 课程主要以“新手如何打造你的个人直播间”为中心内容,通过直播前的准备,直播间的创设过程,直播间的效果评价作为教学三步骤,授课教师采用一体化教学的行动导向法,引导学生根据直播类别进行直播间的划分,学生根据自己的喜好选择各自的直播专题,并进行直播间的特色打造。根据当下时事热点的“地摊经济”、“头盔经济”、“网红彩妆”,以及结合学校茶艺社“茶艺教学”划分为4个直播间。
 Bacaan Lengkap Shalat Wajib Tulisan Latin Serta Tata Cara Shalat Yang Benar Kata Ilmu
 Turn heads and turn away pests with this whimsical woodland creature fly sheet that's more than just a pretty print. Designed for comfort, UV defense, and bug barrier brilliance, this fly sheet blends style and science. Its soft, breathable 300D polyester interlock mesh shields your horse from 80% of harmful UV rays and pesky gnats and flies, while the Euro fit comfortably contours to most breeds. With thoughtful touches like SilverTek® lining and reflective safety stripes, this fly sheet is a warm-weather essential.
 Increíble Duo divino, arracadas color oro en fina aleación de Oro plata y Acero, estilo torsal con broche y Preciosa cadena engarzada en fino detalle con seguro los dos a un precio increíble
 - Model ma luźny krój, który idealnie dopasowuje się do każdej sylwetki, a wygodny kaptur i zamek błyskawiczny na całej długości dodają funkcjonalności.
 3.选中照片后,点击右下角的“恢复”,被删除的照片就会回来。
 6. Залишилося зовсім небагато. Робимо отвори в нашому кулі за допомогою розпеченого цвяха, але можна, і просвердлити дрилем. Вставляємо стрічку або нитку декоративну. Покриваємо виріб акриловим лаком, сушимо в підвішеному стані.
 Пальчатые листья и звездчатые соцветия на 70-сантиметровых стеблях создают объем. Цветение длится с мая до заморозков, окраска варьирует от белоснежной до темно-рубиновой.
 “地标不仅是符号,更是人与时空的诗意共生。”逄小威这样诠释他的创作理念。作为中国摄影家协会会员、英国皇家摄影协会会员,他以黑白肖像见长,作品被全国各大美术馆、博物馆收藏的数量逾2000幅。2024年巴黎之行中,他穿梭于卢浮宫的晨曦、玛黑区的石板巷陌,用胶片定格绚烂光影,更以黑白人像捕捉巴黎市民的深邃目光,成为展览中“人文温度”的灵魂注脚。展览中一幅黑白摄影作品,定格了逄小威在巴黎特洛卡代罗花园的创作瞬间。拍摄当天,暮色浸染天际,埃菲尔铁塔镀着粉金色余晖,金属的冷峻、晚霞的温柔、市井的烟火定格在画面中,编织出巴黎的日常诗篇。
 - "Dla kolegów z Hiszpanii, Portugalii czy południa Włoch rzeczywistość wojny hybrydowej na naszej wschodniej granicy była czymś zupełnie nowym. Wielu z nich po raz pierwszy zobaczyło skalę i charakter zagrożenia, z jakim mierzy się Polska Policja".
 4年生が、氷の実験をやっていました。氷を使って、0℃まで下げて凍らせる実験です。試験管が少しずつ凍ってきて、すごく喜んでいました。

####

**Task instructions**
Each line of the listing should be copied exactly.

**Solution to the problem**
 课程主要以“新手如何打造你的个人直播间”为中心内容,通过直播前的准备,直播间的创设过程,直播间的效果评价作为教学三步骤,授课教师采用一体化教学的行动导向法,引导学生根据直播类别进行直播间的划分,学生根据自己的喜好选择各自的直播专题,并进行直播间的特色打造。根据当下时事热点的“地摊经济”、“头盔经济”、“网红彩妆”,以及结合学校茶艺社“茶艺教学”划分为4个直播间。
 Bacaan Lengkap Shalat Wajib Tulisan Latin Serta Tata Cara Shalat Yang Benar Kata Ilmu
 Turn heads and turn away pests with this whimsical woodland creature fly sheet that's more than just a pretty print. Designed for comfort, UV defense, and bug barrier brilliance, this fly sheet blends style and science. Its soft, breathable 300D polyester interlock mesh shields your horse from 80% of harmful UV rays and pesky gnats and flies, while the Euro fit comfortably contours to most breeds. With thoughtful touches like SilverTek® lining and reflective safety stripes, this fly sheet is a warm-weather essential.
 Increíble Duo divino, arracadas color oro en fina aleación de Oro plata y Acero, estilo torsal con broche y Preciosa cadena engarzada en fino detalle con seguro los dos a un precio increíble
 - Model ma luźny krój, który idealnie dopasowuje się do każdej sylwetki, a wygodny kaptur i zamek błyskawiczny na całej długości dodają funkcjonalności.
 3.选中照片后,点击右下角的“恢复”,被删除的照片就会回来。
 6. Залишилося зовсім небагато. Робимо отвори в нашому кулі за допомогою розпеченого цвяха, але можна, і просвердлити дрилем. Вставляємо стрічку або нитку декоративну. Покриваємо виріб акриловим лаком, сушимо в підвішеному стані.
 Пальчатые листья и звездчатые соцветия на 70-сантиметровых стеблях создают объем. Цветение длится с мая до заморозков, окраска варьирует от белоснежной до темно-рубиновой.
 “地标不仅是符号,更是人与时空的诗意共生。”逄小威这样诠释他的创作理念。作为中国摄影家协会会员、英国皇家摄影协会会员,他以黑白肖像见长,作品被全国各大美术馆、博物馆收藏的数量逾2000幅。2024年巴黎之行中,他穿梭于卢浮宫的晨曦、玛黑区的石板巷陌,用胶片定格绚烂光影,更以黑白人像捕捉巴黎市民的深邃目光,成为展览中“人文温度”的灵魂注脚。展览中一幅黑白摄影作品,定格了逄小威在巴黎特洛卡代罗花园的创作瞬间。拍摄当天,暮色浸染天际,埃菲尔铁塔镀着粉金色余晖,金属的冷峻、晚霞的温柔、市井的烟火定格在画面中,编织出巴黎的日常诗篇。
 - "Dla kolegów z Hiszpanii, Portugalii czy południa Włoch rzeczywistość wojny hybrydowej na naszej wschodniej granicy była czymś zupełnie nowym. Wielu z nich po raz pierwszy zobaczyło skalę i charakter zagrożenia, z jakim mierzy się Polska Policja".
 4年生が、氷の実験をやっていました。氷を使って、0℃まで下げて凍らせる実験です。試験管が少しずつ凍ってきて、すごく喜んでいました。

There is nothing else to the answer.